| To do |
The data below should be copied out exactly, with its pictures omitted.

| Data to process |

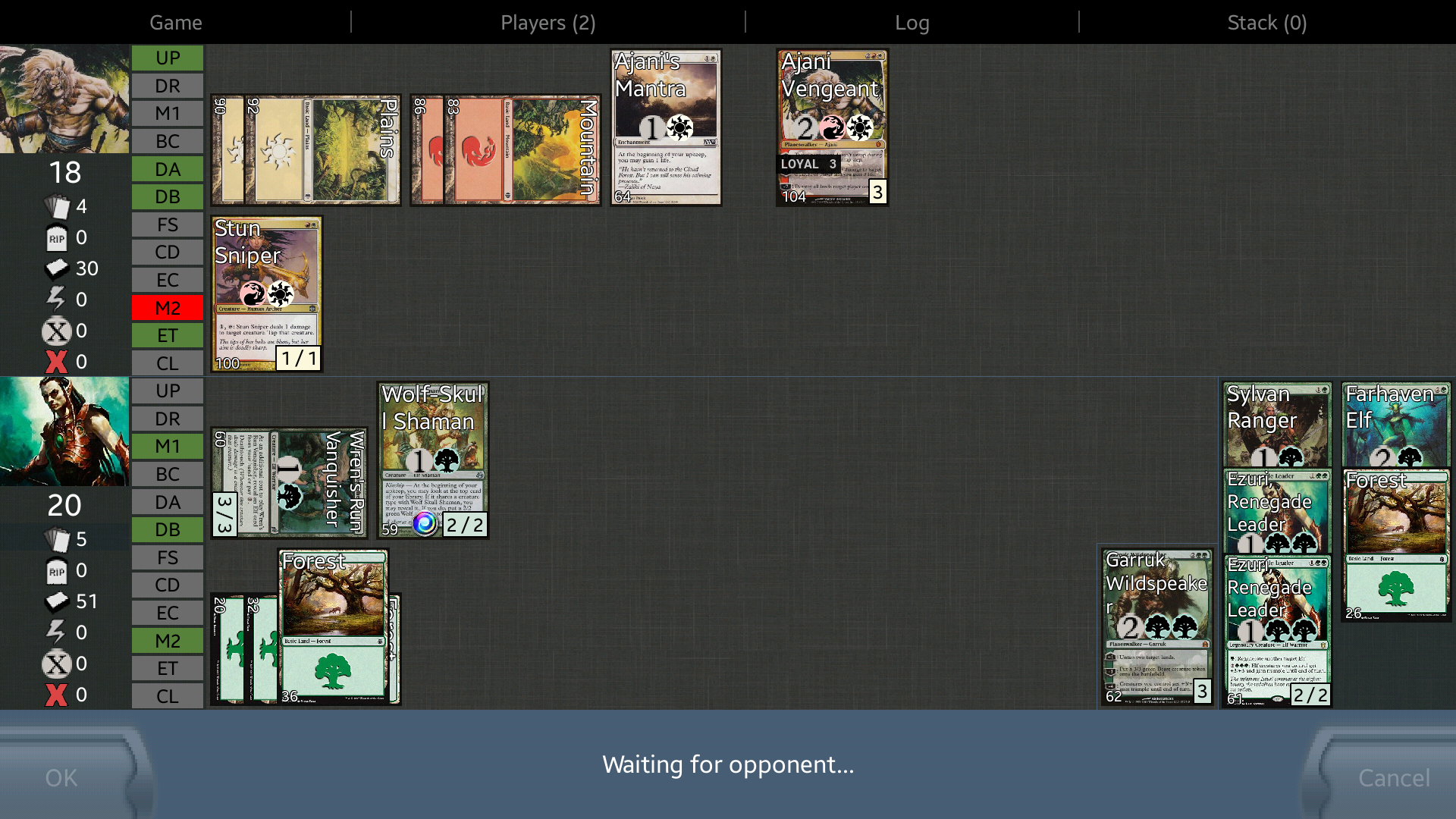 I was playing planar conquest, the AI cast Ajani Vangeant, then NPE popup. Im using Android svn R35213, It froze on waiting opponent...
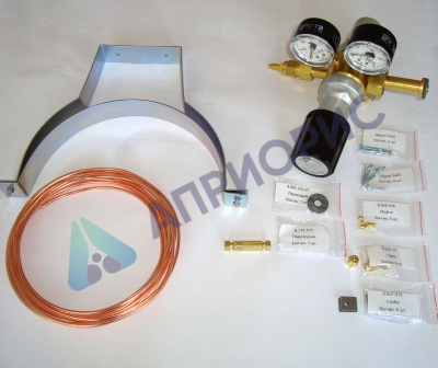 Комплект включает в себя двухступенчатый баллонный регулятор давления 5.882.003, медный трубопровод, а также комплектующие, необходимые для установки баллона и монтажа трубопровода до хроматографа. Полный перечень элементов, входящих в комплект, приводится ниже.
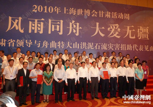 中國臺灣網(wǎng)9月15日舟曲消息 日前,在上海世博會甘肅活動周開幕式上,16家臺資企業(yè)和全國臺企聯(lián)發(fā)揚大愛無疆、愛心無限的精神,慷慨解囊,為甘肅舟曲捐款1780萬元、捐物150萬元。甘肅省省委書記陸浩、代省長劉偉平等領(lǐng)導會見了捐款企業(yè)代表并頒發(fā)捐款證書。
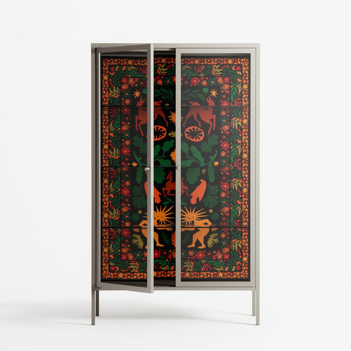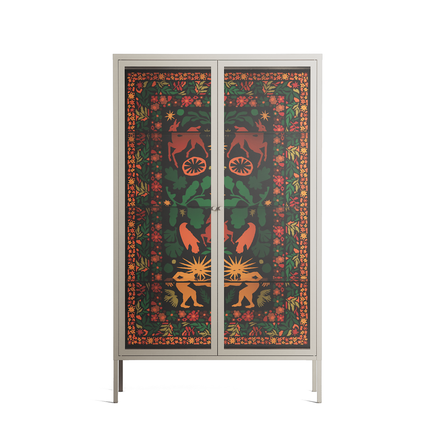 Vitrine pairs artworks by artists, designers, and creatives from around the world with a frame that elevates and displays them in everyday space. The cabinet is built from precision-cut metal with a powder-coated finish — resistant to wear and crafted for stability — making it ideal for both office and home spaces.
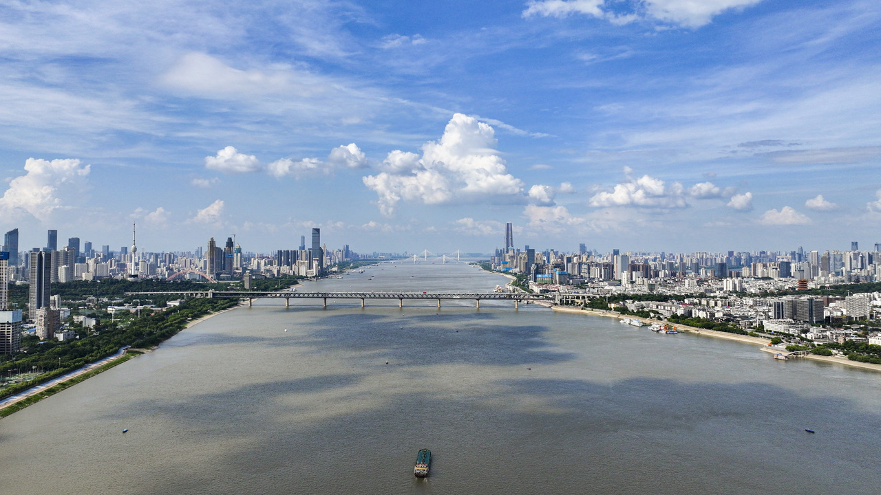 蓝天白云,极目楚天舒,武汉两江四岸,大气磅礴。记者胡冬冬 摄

| Finished exercise |
 I was playing planar conquest, the AI cast Ajani Vangeant, then NPE popup. Im using Android svn R35213, It froze on waiting opponent...
 Комплект включает в себя двухступенчатый баллонный регулятор давления 5.882.003, медный трубопровод, а также комплектующие, необходимые для установки баллона и монтажа трубопровода до хроматографа. Полный перечень элементов, входящих в комплект, приводится ниже.
 中國臺灣網(wǎng)9月15日舟曲消息 日前,在上海世博會甘肅活動周開幕式上,16家臺資企業(yè)和全國臺企聯(lián)發(fā)揚大愛無疆、愛心無限的精神,慷慨解囊,為甘肅舟曲捐款1780萬元、捐物150萬元。甘肅省省委書記陸浩、代省長劉偉平等領(lǐng)導會見了捐款企業(yè)代表并頒發(fā)捐款證書。
 Vitrine pairs artworks by artists, designers, and creatives from around the world with a frame that elevates and displays them in everyday space. The cabinet is built from precision-cut metal with a powder-coated finish — resistant to wear and crafted for stability — making it ideal for both office and home spaces.
 蓝天白云,极目楚天舒,武汉两江四岸,大气磅礴。记者胡冬冬 摄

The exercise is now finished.